The Part That Could Actually Change Care
The most practical takeaway is not "panic." It is "screen smarter."
If these findings hold up in more cohorts, patients starting PD-1 inhibitors with a history of ischemic heart disease may deserve closer cardiac surveillance. Not because immunotherapy is bad. It is not. It saves lives. But because "effective" and "harmless" are not the same word, and medicine gets into trouble when it pretends they are roommates.

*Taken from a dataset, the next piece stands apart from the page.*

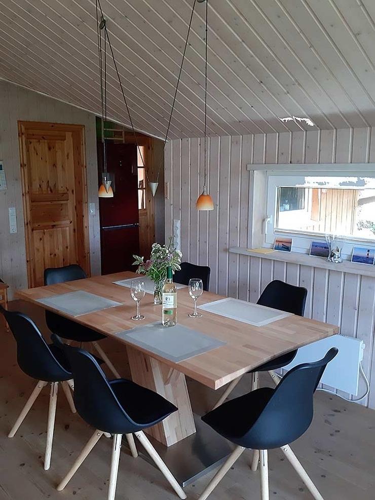 Der großzügige Wohnbereich mit seinem gemütlichen Sofa lädt zu entspannten Abenden vor dem Kamin ein. Für Unterhaltung sorgen ein moderner Fernseher sowie kostenfreies WLAN über Glasfaseranschluss. Die offene Küche ist voll ausgestattet und lässt mit modernen Geräten wie Cerankochfeld, Backofen, Geschirrspüler, Kühlschrank, Kaffeemaschine und Toaster keine Wünsche offen. Im angrenzenden Essbereich können Sie Ihre Mahlzeiten in gemütlicher Runde genießen. Durch die große Terrassentür gelangen Sie direkt in den liebevoll angelegten Garten.

The abatacept finding is also intriguing. In the mouse model, adding abatacept blunted the inflammatory response and preserved cardiac function [1]. That does not mean clinicians should start tossing abatacept around like confetti. It does mean there may be a future where we calm the heart without completely kneecapping the anti-cancer immune response. A 2024 Nature study adds to that hope by suggesting the immune response driving checkpoint myocarditis in the heart is distinct from the anti-tumor response, which raises the possibility of more selective treatment strategies down the road [3]. That would be a nice plot twist for once.

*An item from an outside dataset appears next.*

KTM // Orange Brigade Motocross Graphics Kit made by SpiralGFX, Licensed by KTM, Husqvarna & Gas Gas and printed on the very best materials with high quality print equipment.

For now, this paper does something medicine badly needs more of: it respects history. Not just the patient's cancer history, but the heart's history too. Turns out the myocardium is not a blank slate. It is more like old wood - sturdy, useful, and very capable of showing where the fire passed through.
References
-
Gergely TG, Drobni ZD, Kovács T, et al. Inhibition of the PD-1 immune checkpoint and the development of heart failure in the presence of prior cardiac ischemia. Cardiovasc Res. 2026. DOI: 10.1093/cvr/cvag085 | PubMed: 42019014
-
Nielsen DL, Juhl CB, Nielsen OH, Chen IM, Herrmann J. Immune Checkpoint Inhibitor-Induced Cardiotoxicity: A Systematic Review and Meta-Analysis. JAMA Oncol. 2024;10(10):1390-1399. DOI: 10.1001/jamaoncol.2024.3065 | PMCID: PMC11342217
-
Blum SM, Zlotoff DA, Smith NP, et al. Immune responses in checkpoint myocarditis across heart, blood and tumour. Nature. 2024;636(8041):215-223. DOI: 10.1038/s41586-024-08105-5 | PubMed: 39506125
-
Rubio-Infante N, Castillo EC, Alves-Figueiredo H, et al. Previous cardiovascular injury is a prerequisite for immune checkpoint inhibitor-associated lethal myocarditis in mice. ESC Heart Fail. 2024;11(2):1249-1257. DOI: 10.1002/ehf2.14614 | PMCID: PMC10966245
-
Suzuki Y, Kaneko H, Tamura Y, et al. Cardiovascular events after the initiation of immune checkpoint inhibitors. Heliyon. 2023;9(5):e16373. DOI: 10.1016/j.heliyon.2023.e16373 | PMCID: PMC10220239
Disclaimer: The image accompanying this article is for illustrative purposes only and does not depict actual experimental results, data, or biological mechanisms.